La fuga fallita e il primo sequestro
Giunti tempestivamente sul posto, i poliziotti della Volante hanno individuato il personale medico e il ragazzo. Quest’ultimo, non appena ha notato l’arrivo della pattuglia, ha tentato di darsi a una precipitosa fuga a piedi. I poliziotti sono riusciti a rincorrerlo e a bloccarlo prontamente, proprio mentre il giovane cercava di disfarsi di due vasetti in vetro.
Al loro interno gli agenti hanno rinvenuto 17 grammi di hashish e 49 grammi di marijuana. I successivi accertamenti hanno permesso di identificare il soggetto: si tratta di un 27enne residente a Nardò, che fin dai primi momenti del controllo si è mostrato ostile e poco collaborativo con le forze dell’ordine.
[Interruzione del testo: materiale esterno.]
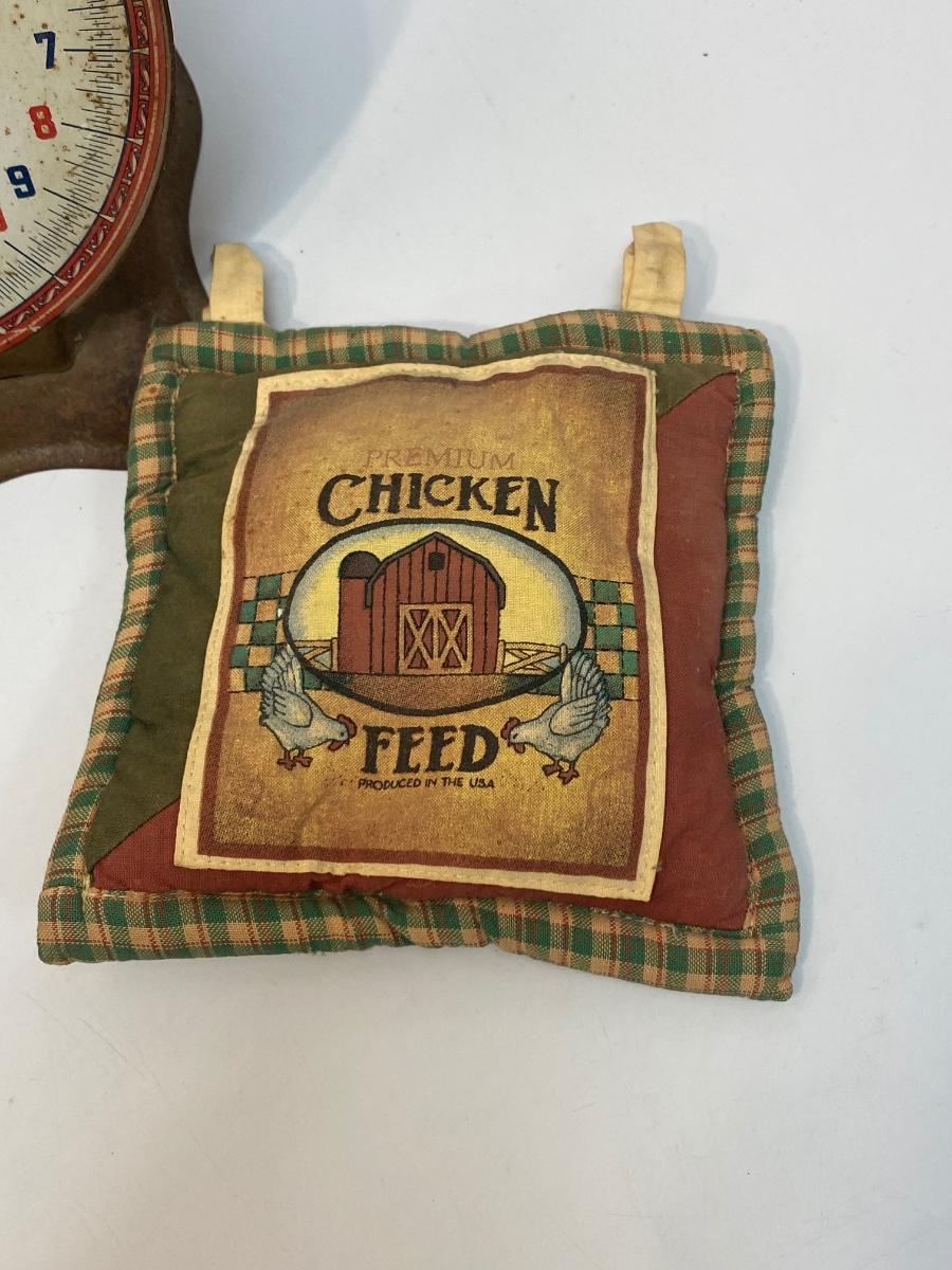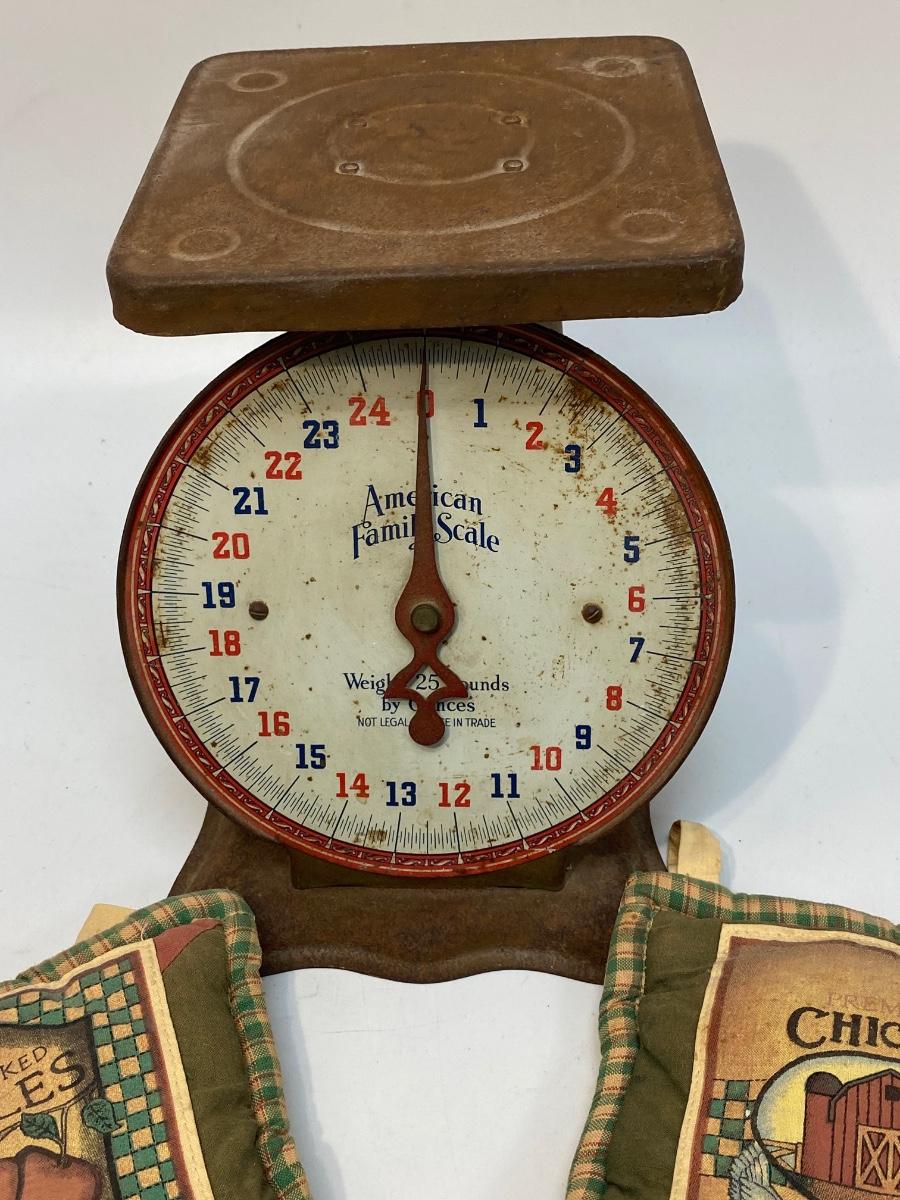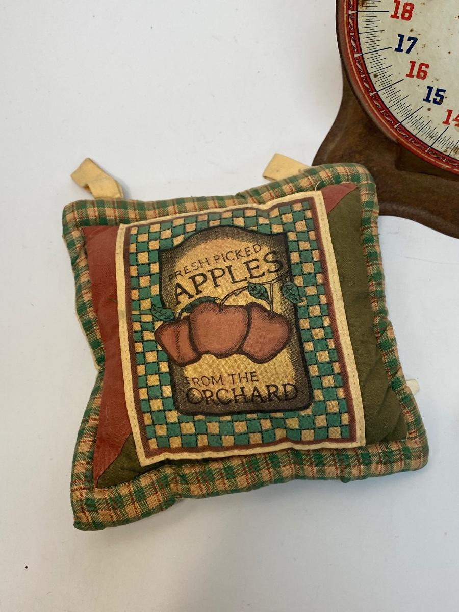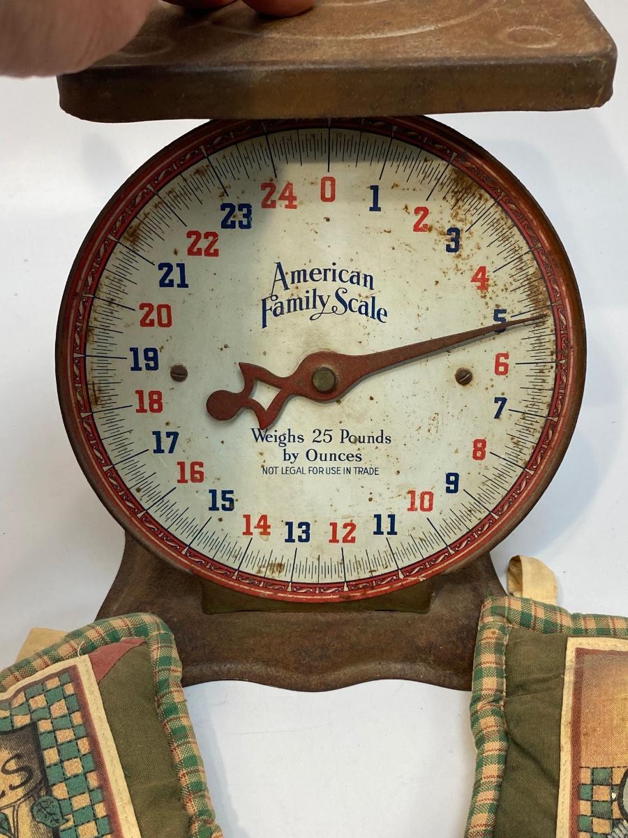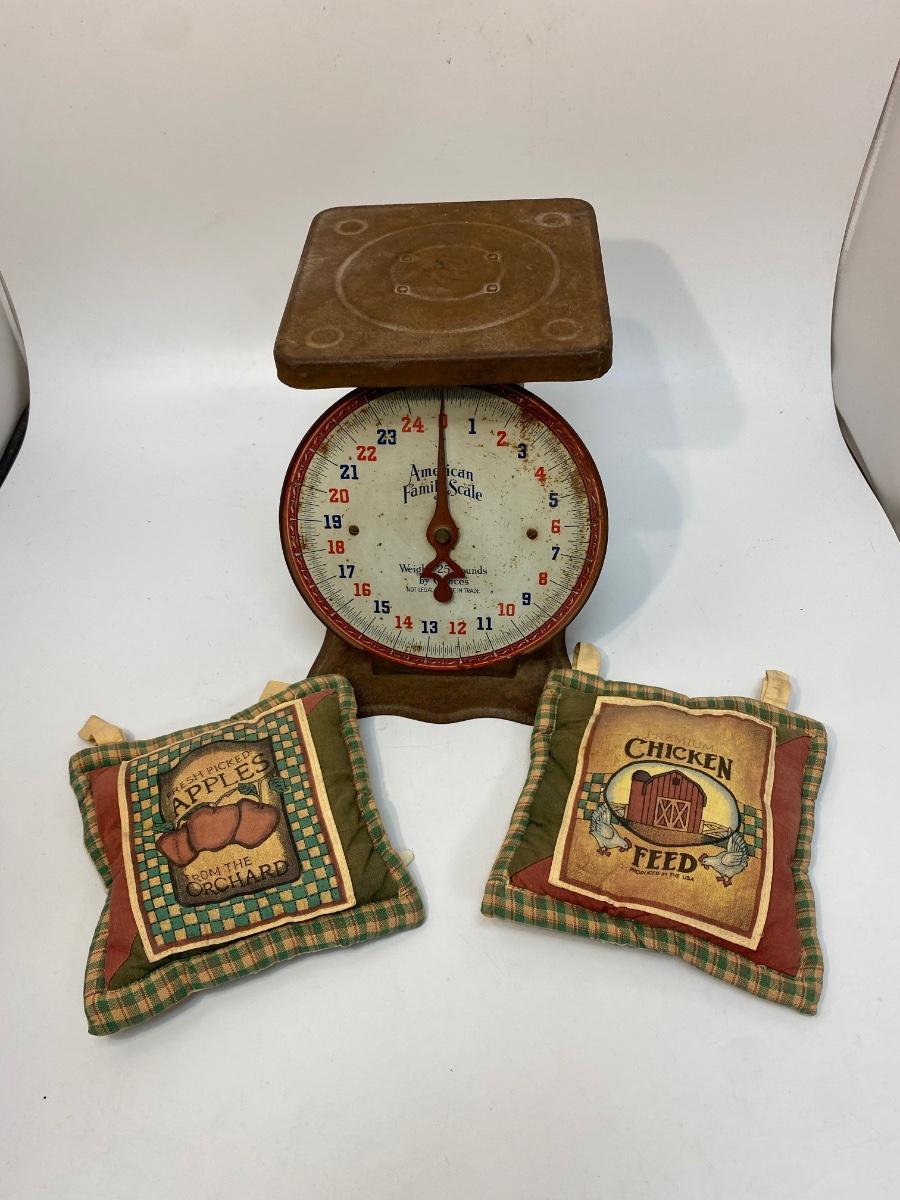 Vintage Antique American Family Metal Food Scale & Kitchen Decor. Scale is rusty but displays nicely. The potholders can be used as trivets or decor.

La perquisizione domiciliare: trovata altra sostanza e una pistola
Ritenendo che potesse detenere ulteriore sostanza illecita, gli operatori hanno deciso di estendere l’attività di polizia giudiziaria presso l’abitazione del 27enne.
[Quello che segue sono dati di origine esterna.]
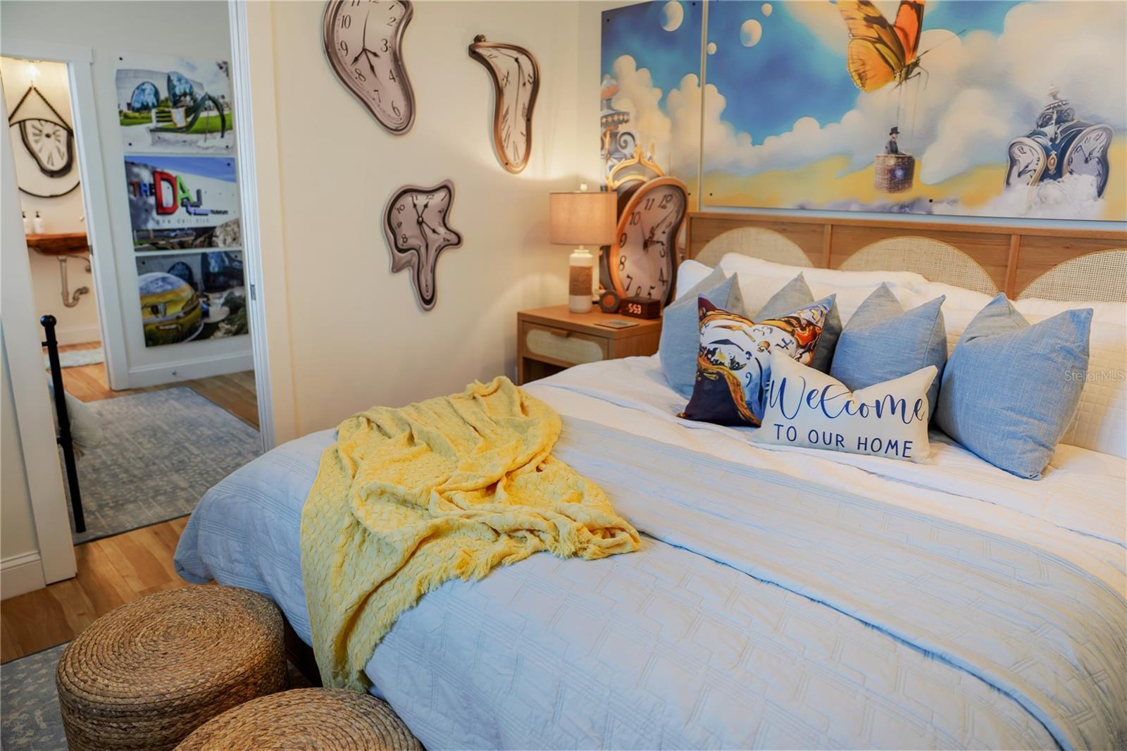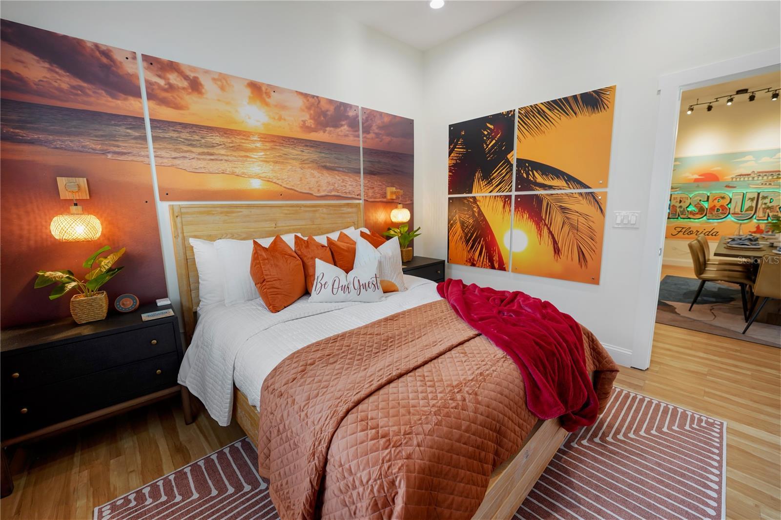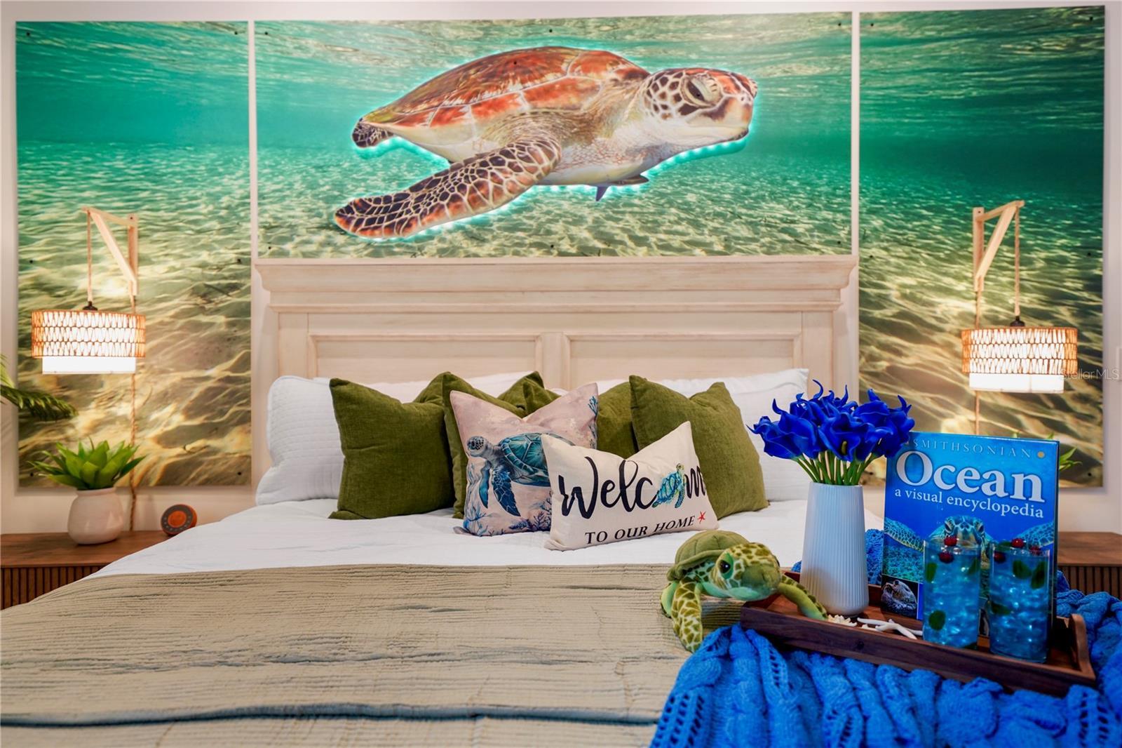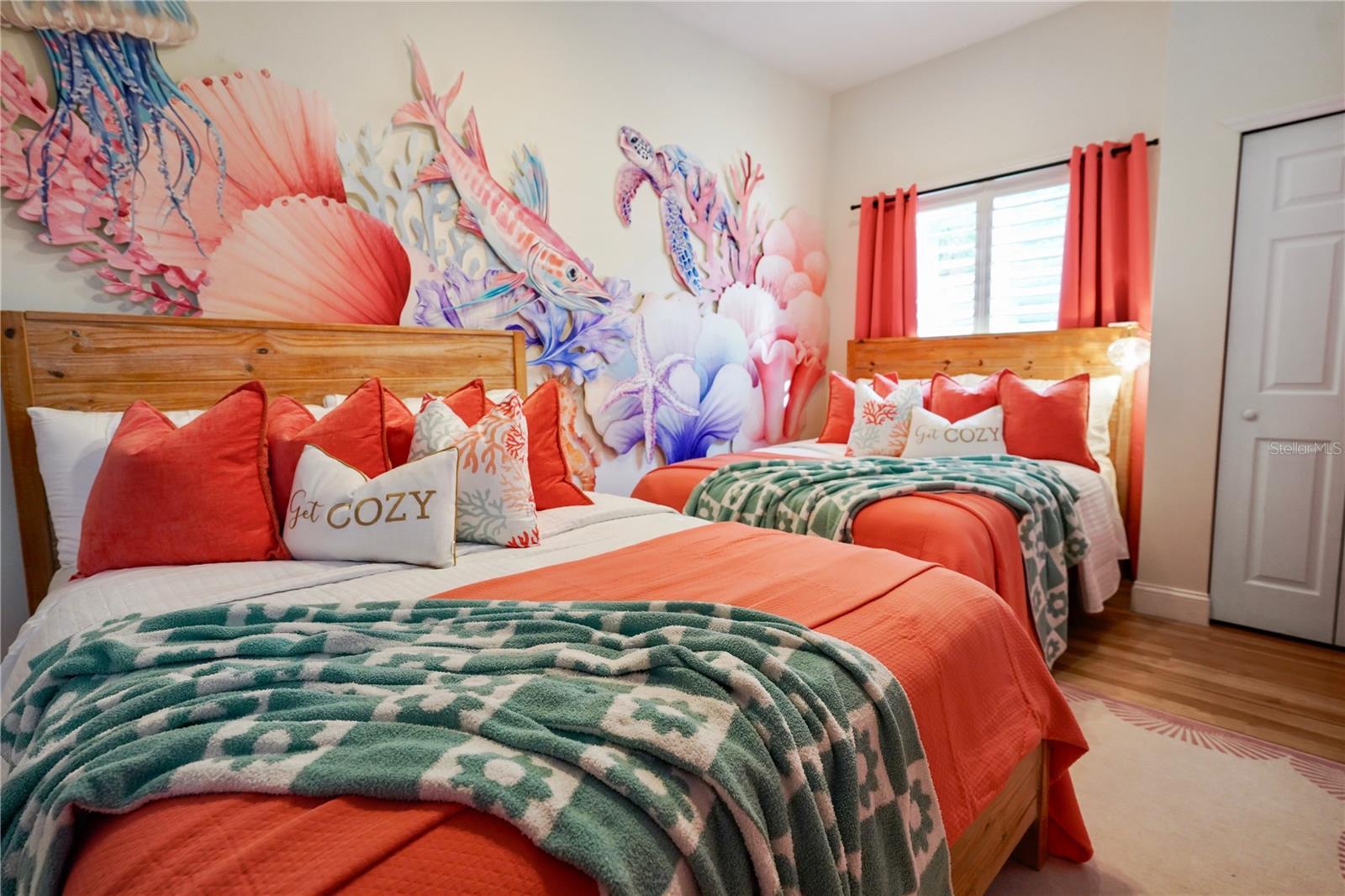 Hidden Lagoon is a one-of-a-kind tropical oasis tucked into a quiet St. Petersburg neighborhood, just minutes from world-class beaches, downtown dining, shopping, and entertainment. This exceptional five-bedroom, three-bath residence is thoughtfully designed to deliver both unforgettable family living and consistent short-term rental success. Step into a private, resort-style backyard anchored by one of the largest lagoon-style pools in Pinellas County, featuring optional seasonal heating, a soothing spa, and dramatic resort lighting for day-to-night enjoyment. The outdoor experience is further elevated by a tiki bar and BBQ pavilion with built-in gas grill and griddle, flat-screen TV, and Bluetooth sound system, creating an ideal setting for entertaining or relaxed poolside afternoons. Exterior amenities rival a true vacation destination and include a full sports court for pickleball and basketball, a custom mini-golf course, firepit lounge, bocce ball court, giant outdoor chess, a playground, and expansive patios with string lighting and multiple lounge areas, all intentionally designed to maximize guest enjoyment and rental appeal. Inside, the home features a gourmet chef’s kitchen with quartz countertops and premium stainless steel appliances, open-concept living spaces filled with natural light and designer finishes, and a dedicated arcade game nook that keeps guests of all ages entertained year-round.

La perquisizione domiciliare, eseguita all’interno della sua camera da letto, ha confermato i sospetti degli agenti. Sono stati infatti rinvenuti e sequestrati 204,8 grammi di hashish, suddivisi in due involucri sigillati sottovuoto; due bilancini di precisione, utilizzati presumibilmente per il confezionamento delle dosi e una pistola giocattolo, priva del prescritto tappo rosso.
La denuncia alla Procura
Al termine delle operazioni, il giovane è stato accompagnato presso gli uffici del Commissariato di P.S. di Nardò per gli accertamenti e i rilievi di rito. Alla luce del quantitativo complessivo di stupefacente e del materiale rinvenuto, il 27enne è stato deferito in stato di libertà all’Autorità Giudiziaria per il reato di detenzione ai fini di spaccio di sostanze stupefacenti.